Thursday: After two days with no homeschool because we had snow, (Of course, we took off of homeschool. My kids would've mutineed if I'd made them do school instead of play in the snow for the first time in 5 years!!!) the boys and I found it very difficult to get in the groove. "Please, Mom can't we wait a few more minutes..." And since I wasn't really in the mood I'd say, "Oh, just a few more minutes, but we are doing school today!"
We did do our school work, but it would've been a much better day if we'd gotten up and gotten right on it.
Friday: In my Bible time I was reading in Genesis about Jacob. I was reading how he agreed to work for seven years to be able to marry Rachel. This verse jumped off the page at me: "So Jacob served seven years to get Rachel, but they seemed like only a few days to him because of his love for her." Genesis 29:20
Boy, wouldn't it be great if I loved Rex that well. Or if I loved my kids that well. Or if I loved my church that well. Or if I loved my Jesus that well. The truth is sometimes (often) I take my eyes off Jesus and
I focus on:
my dishpan hands, the mountain of laundry that I knock down for what seems like just moments before it regrows, the unrelenting task of raising children for God's glory and how often I fall short, how long it's been since I've been to an adult Sunday School class, how I'll never measure up.

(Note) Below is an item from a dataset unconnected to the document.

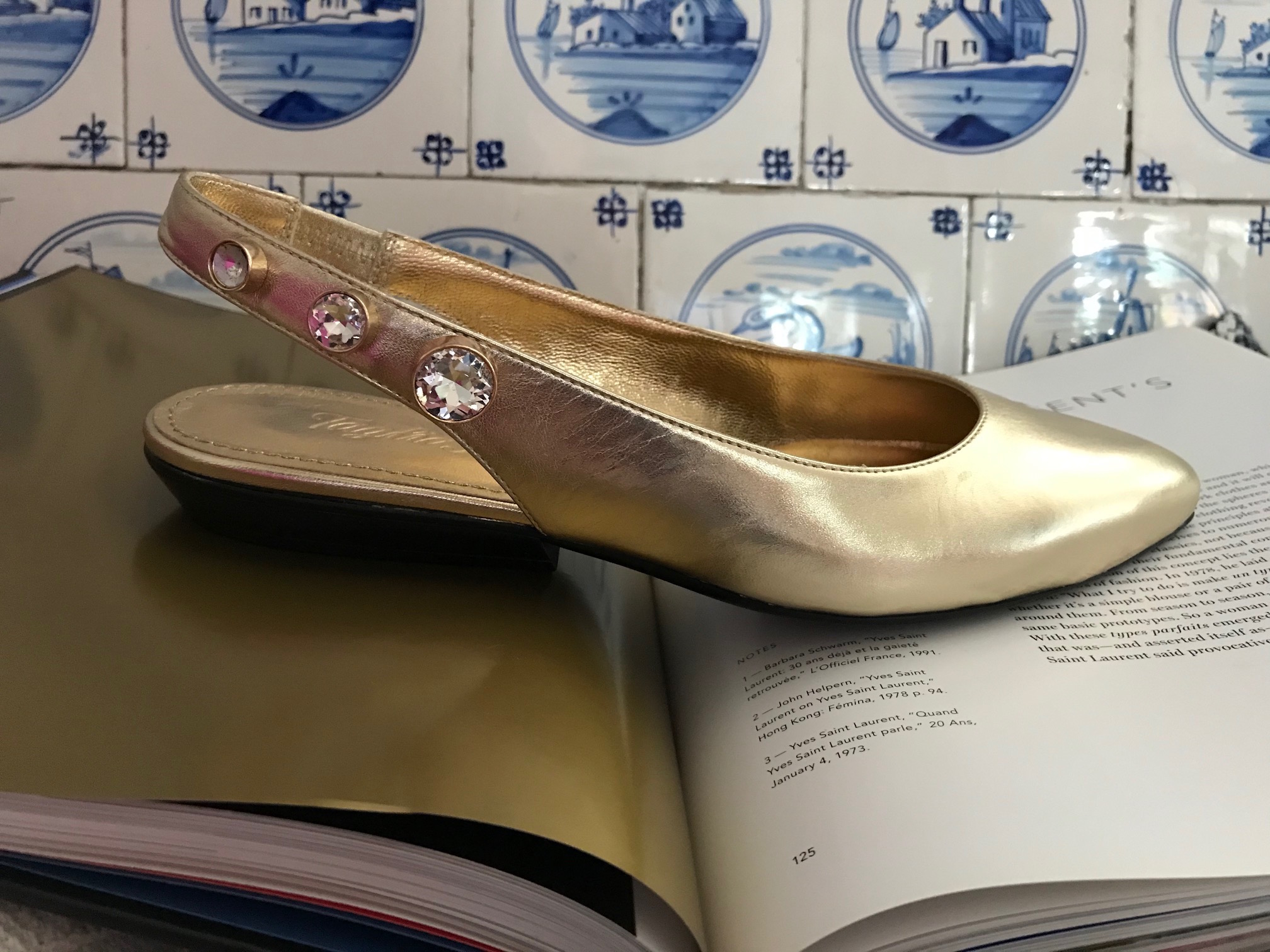 Abb: Taglia Scarpe, Slingback gold (€ 370), Vintage Yves Saint Laurent Schmuck.

the many opportunities to bless my husband by caring for our home, that children are a gift from God and my years to raise them are short and will end soon, the privilege of sharing Jesus with young eyes, that God's grace is sufficient for me.
Let us not become weary in doing good, for at the proper time we will reap a harvest if we do not give up. Galatians 6:9
I think I'll save my thoughts on Saturday for tomorrow's post.